Excerpted data:
-------------------------
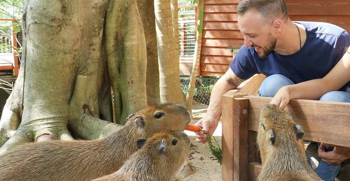 抵達可倫賓動物園參觀。園區內的土著人表演、飛鳥表演,自費餵袋鼠和抱樹熊,是昆士蘭州才有的福利哦
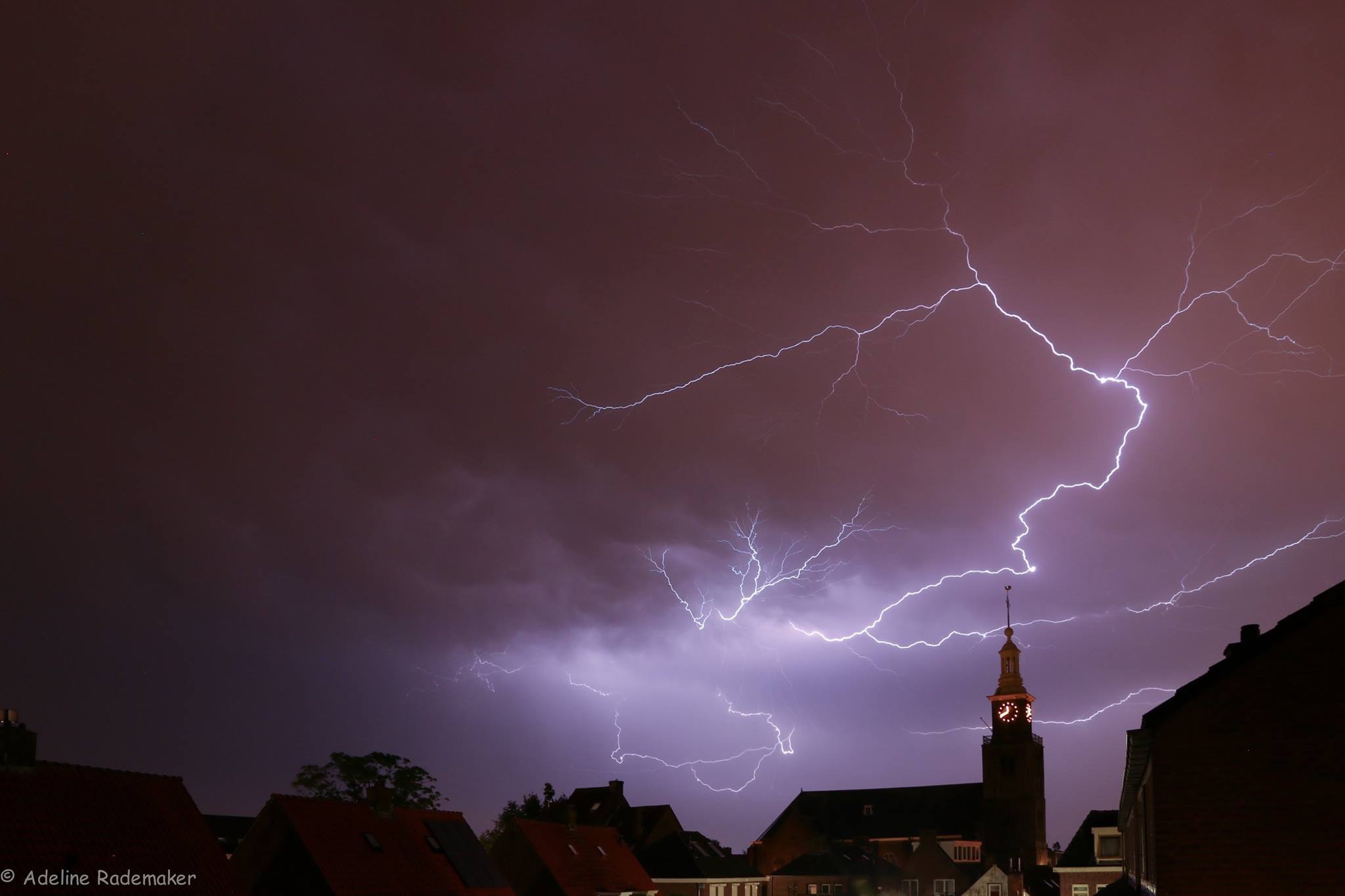 Van uit me huis met langer sluitertijd hopen dat je een mooie flits te pakken krijgt.
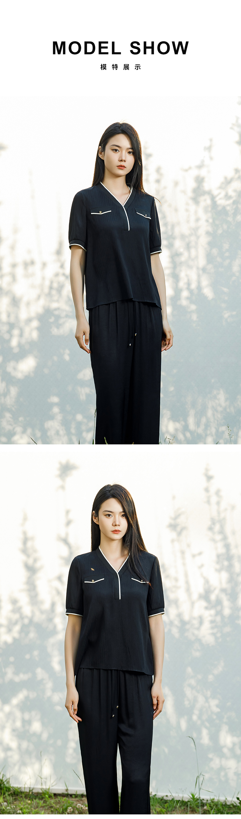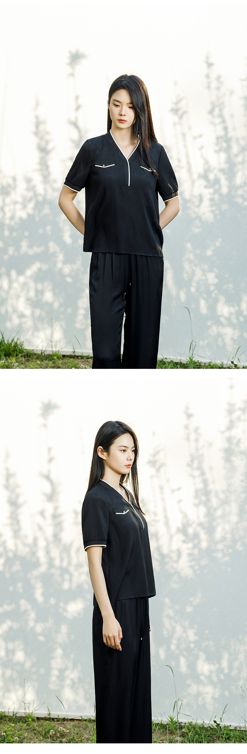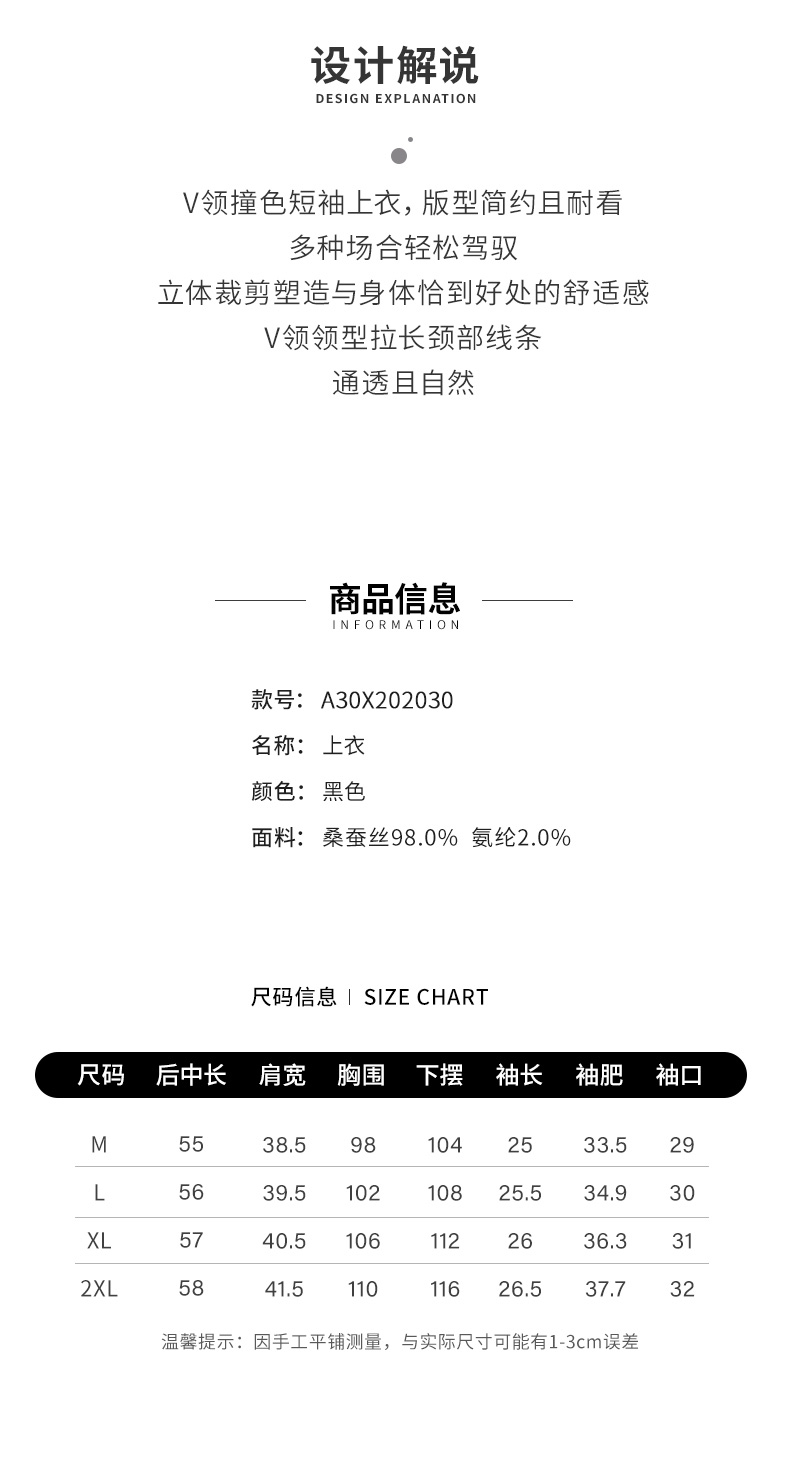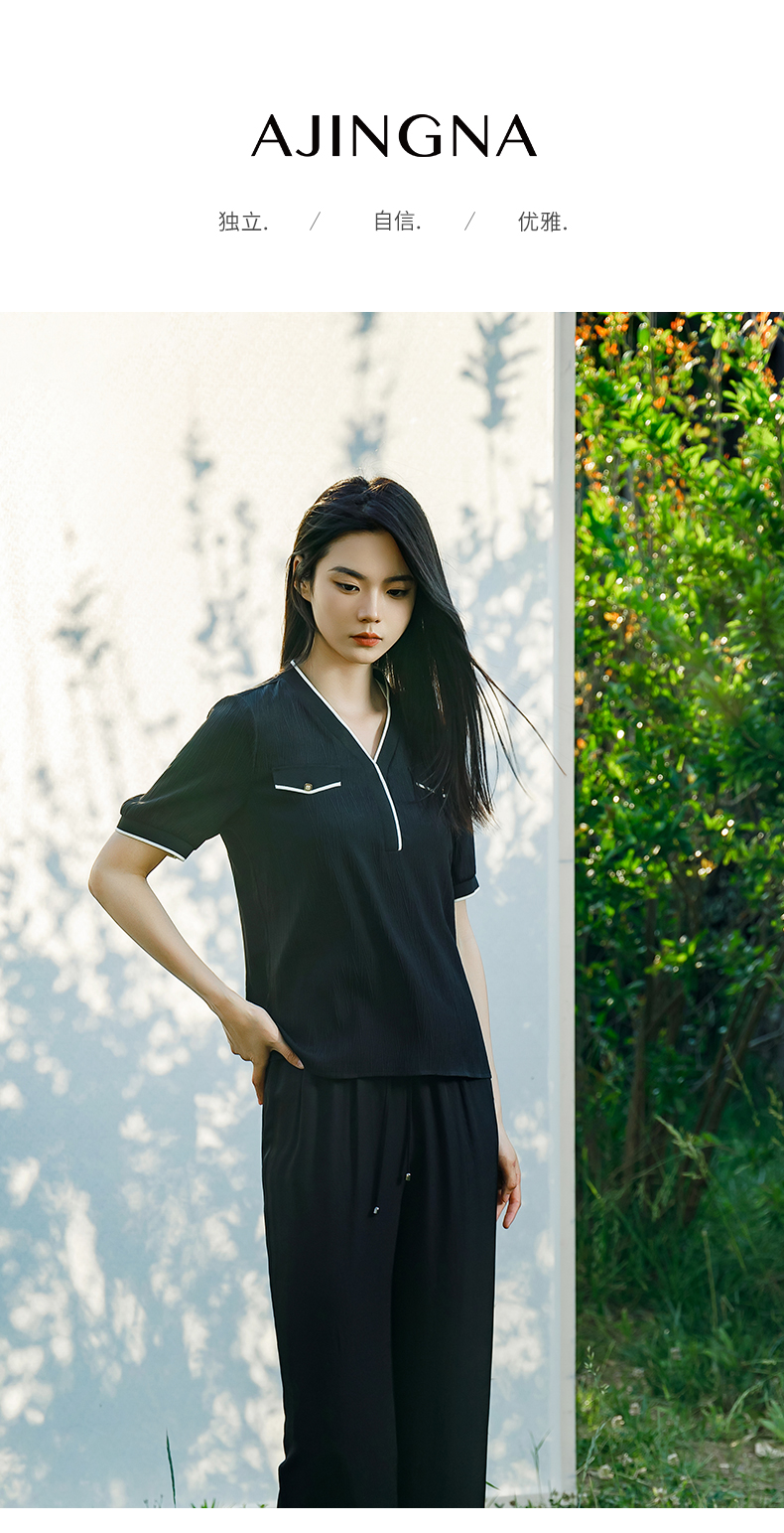 【商场同款】阿菁娜2024夏季新款V领撞色短袖上衣A30X202030
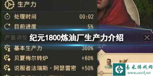 纪元1800炼油厂可以生产石油为机械厂和铁甲舰提供动力,炼油厂生产力在750%以上能达到1秒1桶油...
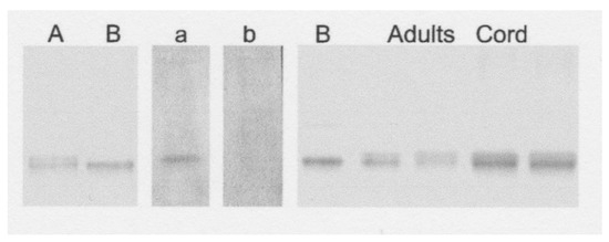 Subsequent analyses by Hirano et al. [29] of apo and holo forms of ceruloplasmin from subjects with Wilson disease and normal controls also used native PAGE. In Wilson disease, the transport protein in the transGolgi network that provides copper to ceruloplasmin (ATP7B) is dysfunctional to various degrees. Thus, much less or no copper is available for formation of the holo protein. Hirano et al. used a different form of native PAGE than in the Linder lab studies. The resolving gel was 8 vs. 5% acrylamide, and the pH for resolution was 7.4 vs. 8.8. This led to a much poorer separation (Figure 5). In addition, they detected the ceruloplasmin forms by immunoblotting. Although somewhat difficult to see, the results in Figure 5 show a single distinct protein band for apoceruloplasmin after treating the purified protein to remove copper (lanes B). This contrasts with the lanes for adult human plasma and cord blood, where two almost-overlapping bands are detected, presumably corresponding to the apo and holo forms. Densitometry applied to the immunoblots for nine Wilson disease patients and twelve control sera indicated that holoceruloplasmin was about half of the total (46%) in the controls (range 40–56%), while the percentages for Wilson disease patients varied from about 8% (considered negligeable) to about 40%, in five patients ages 4–12, and three patients, ages 12–18 years of age, respectively.
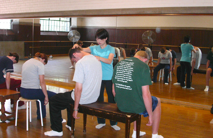 グループレッスンでは、ミツヴァテクニックの本来の目的を理解する為に、体の間違った使い方がどのような弊害をもたらすかを学びます。いくつかの基本動作を練習することによって、これまで気付いていなかった自分の体の癖を見つけ、それを改善する方法を学習します。自分の体と対話することで、様々な体の不調を、自身の力で修正し、良い姿勢を習得していくことを目指します。
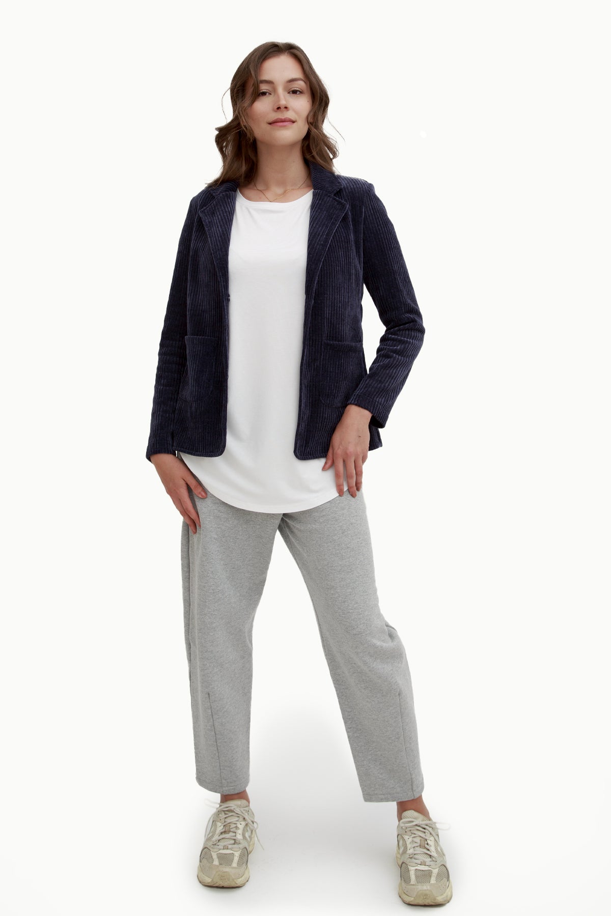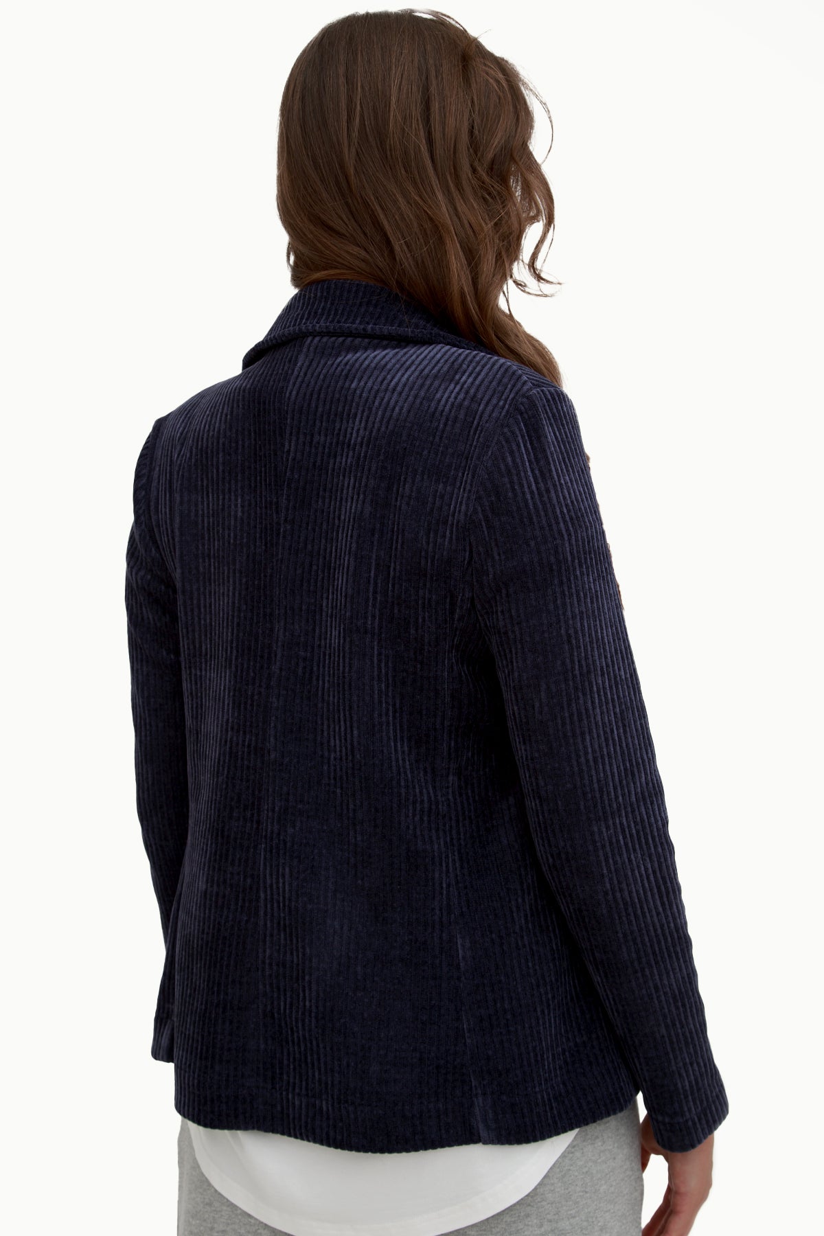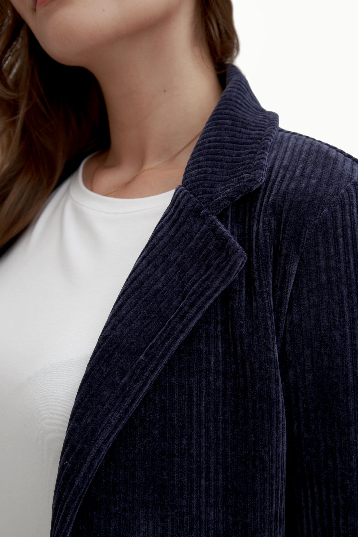 Scopri la raffinata giacca blazer in velluto a coste blu scuro, un capo iconico che unisce l'eleganza del taglio sartoriale italiano alla morbidezza del velluto di alta qualità.
-------------------------
Task brief:
Pictures excluded, repeat the records exactly from their opening line through the line containing "纪元1800炼油厂可以生产石".

Written solution:
 抵達可倫賓動物園參觀。園區內的土著人表演、飛鳥表演,自費餵袋鼠和抱樹熊,是昆士蘭州才有的福利哦
 Van uit me huis met langer sluitertijd hopen dat je een mooie flits te pakken krijgt.
 【商场同款】阿菁娜2024夏季新款V领撞色短袖上衣A30X202030
 纪元1800炼油厂可以生产石油为机械厂和铁甲舰提供动力,炼油厂生产力在750%以上能达到1秒1桶油...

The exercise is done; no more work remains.